Upon completion of the steps above, you will find a
.Rproj
file within your project’s working directory.
Moreover, the heading of your RStudio console should now also display
the absolute path of your project’s working directory, i.e., where the
.Rproj
file resides, indicating that RStudio has set this
directory as your working directory in R.
From this point forward, any R code that you execute that involves reading data from a file or saving data in a file will, by default, be directed to a path relative to your project’s working directory.
If you wish to close the project, perhaps to open another project,
create a new one, or take a break from the project, you can do so by
using to File
> Close Project
option
located in the menu bar. To open the project back up, either
double-click on the .Rproj file in the working directory, or open up
RStudio and using the File
> Open Project
option in the menu bar.
Download the RNA-seq data for subsequent episodes
Finally, we will learn how to use R to download the RNA-seq data required for the subsequent episodes of the lesson. The dataset we will be using was generated to investigate the impact upper-respiratory infection have on changes in RNA transcription in the cerebellum and spinal cord of mice. This dataset was produced as part of the following study:
Blackmore, Stephen, et al. “Influenza infection triggers disease in a genetic model of experimental autoimmune encephalomyelitis.” Proceedings of the National Academy of Sciences 114.30 (2017): E6107-E6116.
The dataset is available at Gene Expression Omnibus (GEO), under the accession number GSE96870. Downloading data from GEO is not straightforward (and won’t be covered in this lesson). Hence, we have made the data available on our GitHub repository for easier access.
To download the files, we will use the R function
download.file
, which necessitates at least two parameters:
url
and destfile
. The url
parameter is used to specify the address on the internet to download the
data from. The destfile
parameter indicates where to save
the downloaded file and what the downloaded file should be named.
Let’s download one of the four data files needed for the remainder of
this lesson. The data file is located at https://github.com/carpentries-incubator/bioc-rnaseq/raw/main/episodes/data/GSE96870_counts_cerebellum.csv.
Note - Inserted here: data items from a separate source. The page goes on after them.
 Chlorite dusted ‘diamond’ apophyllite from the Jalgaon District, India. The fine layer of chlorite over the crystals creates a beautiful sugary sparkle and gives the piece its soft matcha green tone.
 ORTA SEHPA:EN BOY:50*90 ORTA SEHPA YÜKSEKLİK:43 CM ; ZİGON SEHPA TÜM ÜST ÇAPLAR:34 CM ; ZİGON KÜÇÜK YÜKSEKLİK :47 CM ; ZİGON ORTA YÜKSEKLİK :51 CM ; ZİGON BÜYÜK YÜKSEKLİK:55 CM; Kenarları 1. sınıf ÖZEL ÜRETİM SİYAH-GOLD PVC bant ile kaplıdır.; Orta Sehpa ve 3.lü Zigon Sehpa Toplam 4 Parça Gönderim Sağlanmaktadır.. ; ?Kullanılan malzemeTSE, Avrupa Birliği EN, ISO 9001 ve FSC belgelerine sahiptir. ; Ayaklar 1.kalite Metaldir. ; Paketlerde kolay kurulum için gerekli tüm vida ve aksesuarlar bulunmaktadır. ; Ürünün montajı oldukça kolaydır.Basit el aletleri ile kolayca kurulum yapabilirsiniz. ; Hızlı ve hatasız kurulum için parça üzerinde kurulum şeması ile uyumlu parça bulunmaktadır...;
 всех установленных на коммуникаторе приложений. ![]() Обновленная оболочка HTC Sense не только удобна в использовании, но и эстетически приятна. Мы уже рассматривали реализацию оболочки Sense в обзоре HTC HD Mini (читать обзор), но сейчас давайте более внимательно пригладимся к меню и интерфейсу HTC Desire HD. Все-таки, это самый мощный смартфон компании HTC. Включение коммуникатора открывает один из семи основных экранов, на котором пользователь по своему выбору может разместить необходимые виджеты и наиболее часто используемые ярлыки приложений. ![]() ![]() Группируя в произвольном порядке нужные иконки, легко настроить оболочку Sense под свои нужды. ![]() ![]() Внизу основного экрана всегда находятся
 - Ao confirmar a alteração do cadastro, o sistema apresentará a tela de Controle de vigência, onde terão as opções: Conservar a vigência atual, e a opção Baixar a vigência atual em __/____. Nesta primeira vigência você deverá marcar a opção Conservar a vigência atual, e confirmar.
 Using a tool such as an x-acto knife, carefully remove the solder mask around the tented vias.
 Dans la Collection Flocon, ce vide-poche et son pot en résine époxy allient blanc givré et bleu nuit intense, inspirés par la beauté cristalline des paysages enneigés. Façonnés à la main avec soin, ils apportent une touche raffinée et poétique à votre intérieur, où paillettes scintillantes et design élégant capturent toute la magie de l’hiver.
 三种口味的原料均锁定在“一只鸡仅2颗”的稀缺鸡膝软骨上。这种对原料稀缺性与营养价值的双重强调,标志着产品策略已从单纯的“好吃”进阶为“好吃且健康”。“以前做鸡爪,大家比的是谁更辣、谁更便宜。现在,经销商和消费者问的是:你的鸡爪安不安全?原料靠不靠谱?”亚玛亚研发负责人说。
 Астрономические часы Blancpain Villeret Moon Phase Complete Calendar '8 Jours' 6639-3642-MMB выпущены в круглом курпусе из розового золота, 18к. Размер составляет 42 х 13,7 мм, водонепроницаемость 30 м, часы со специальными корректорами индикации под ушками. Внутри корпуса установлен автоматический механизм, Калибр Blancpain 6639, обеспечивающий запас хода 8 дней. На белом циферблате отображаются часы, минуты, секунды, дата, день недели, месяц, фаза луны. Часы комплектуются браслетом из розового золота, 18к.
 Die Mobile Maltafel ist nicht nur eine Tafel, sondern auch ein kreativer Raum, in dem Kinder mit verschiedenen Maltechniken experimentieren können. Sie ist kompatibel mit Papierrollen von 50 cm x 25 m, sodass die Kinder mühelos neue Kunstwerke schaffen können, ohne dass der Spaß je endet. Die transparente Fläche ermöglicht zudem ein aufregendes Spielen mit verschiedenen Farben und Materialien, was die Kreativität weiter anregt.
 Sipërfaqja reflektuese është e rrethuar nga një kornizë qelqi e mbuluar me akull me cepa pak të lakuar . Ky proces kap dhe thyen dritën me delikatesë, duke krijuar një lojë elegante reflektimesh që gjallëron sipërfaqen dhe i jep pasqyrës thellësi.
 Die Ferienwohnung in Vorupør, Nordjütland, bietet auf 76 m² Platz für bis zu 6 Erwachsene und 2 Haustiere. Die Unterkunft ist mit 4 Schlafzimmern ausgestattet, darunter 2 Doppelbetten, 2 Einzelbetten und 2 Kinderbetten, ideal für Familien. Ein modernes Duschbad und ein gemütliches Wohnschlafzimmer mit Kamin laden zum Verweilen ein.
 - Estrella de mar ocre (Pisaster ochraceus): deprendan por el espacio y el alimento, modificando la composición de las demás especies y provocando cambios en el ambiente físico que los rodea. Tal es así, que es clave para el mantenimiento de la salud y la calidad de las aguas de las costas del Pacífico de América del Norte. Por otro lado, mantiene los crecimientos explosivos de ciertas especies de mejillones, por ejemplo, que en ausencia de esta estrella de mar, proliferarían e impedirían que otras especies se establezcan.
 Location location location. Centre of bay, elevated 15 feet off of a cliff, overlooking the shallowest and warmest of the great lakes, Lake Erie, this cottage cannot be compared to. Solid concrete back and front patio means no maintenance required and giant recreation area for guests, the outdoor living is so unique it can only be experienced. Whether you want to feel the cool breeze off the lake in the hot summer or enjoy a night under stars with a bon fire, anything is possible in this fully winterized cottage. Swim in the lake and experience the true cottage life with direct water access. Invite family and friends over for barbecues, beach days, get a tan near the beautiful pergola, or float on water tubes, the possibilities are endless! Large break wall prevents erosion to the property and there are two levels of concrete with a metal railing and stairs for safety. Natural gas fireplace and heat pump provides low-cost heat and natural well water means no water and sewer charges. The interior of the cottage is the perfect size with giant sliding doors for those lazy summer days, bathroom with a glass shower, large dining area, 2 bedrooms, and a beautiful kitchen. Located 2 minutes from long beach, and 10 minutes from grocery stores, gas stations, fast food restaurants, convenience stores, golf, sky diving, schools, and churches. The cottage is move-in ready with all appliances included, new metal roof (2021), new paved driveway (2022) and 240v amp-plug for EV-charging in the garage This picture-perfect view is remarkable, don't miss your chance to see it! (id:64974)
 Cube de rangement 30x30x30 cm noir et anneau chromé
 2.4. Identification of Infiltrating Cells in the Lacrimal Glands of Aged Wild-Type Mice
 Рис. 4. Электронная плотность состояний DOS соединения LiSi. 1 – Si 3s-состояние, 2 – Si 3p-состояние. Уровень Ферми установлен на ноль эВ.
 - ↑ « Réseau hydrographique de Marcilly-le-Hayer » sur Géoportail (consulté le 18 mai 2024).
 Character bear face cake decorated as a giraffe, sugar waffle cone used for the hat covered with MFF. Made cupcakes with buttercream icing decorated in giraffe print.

We shall save the downloaded file in the data
folder of our
working directory with the name
GSE96870_counts_cerebellum.csv
.
R
download.file(
url = "https://github.com/carpentries-incubator/bioc-rnaseq/raw/main/episodes/data/GSE96870_counts_cerebellum.csv",
destfile = "data/GSE96870_counts_cerebellum.csv"
)
If you navigate to the data
folder in your working
directory, you should now find a file named
GSE96870_counts_cerebellum.csv
.
Download the remaining data set files
There are three more data set files we need to download for the remainder of this lesson.
URL | Filename |
---|---|
https://github.com/carpentries-incubator/bioc-rnaseq/raw/main/episodes/data/GSE96870_coldata_cerebellum.csv | GSE96870_coldata_cerebellum.csv |
https://github.com/carpentries-incubator/bioc-rnaseq/raw/main/episodes/data/GSE96870_coldata_all.csv | GSE96870_coldata_all.csv |
https://github.com/carpentries-incubator/bioc-rnaseq/raw/main/episodes/data/GSE96870_rowranges.tsv | GSE96870_rowranges.tsv |
Use the download.file
function to download the files
into the data
folder in your working directory.
R
download.file(
url = "https://github.com/carpentries-incubator/bioc-rnaseq/raw/main/episodes/data/GSE96870_coldata_cerebellum.csv",
destfile = "data/GSE96870_coldata_cerebellum.csv"
)
download.file(
url = "https://github.com/carpentries-incubator/bioc-rnaseq/raw/main/episodes/data/GSE96870_coldata_all.csv",
destfile = "data/GSE96870_coldata_all.csv"
)
download.file(
url = "https://github.com/carpentries-incubator/bioc-rnaseq/raw/main/episodes/data/GSE96870_rowranges.tsv",
destfile = "data/GSE96870_rowranges.tsv"
)
Key Points
- Proper organisation of the files required for your project in a working directory is crucial for maintaining order and ensuring easy access in the future.
- RStudio project serves as a valuable tool for managing your project’s working directory and facilitating analysis.
- The
download.file
function in R can be used for downloading datasets from the internet.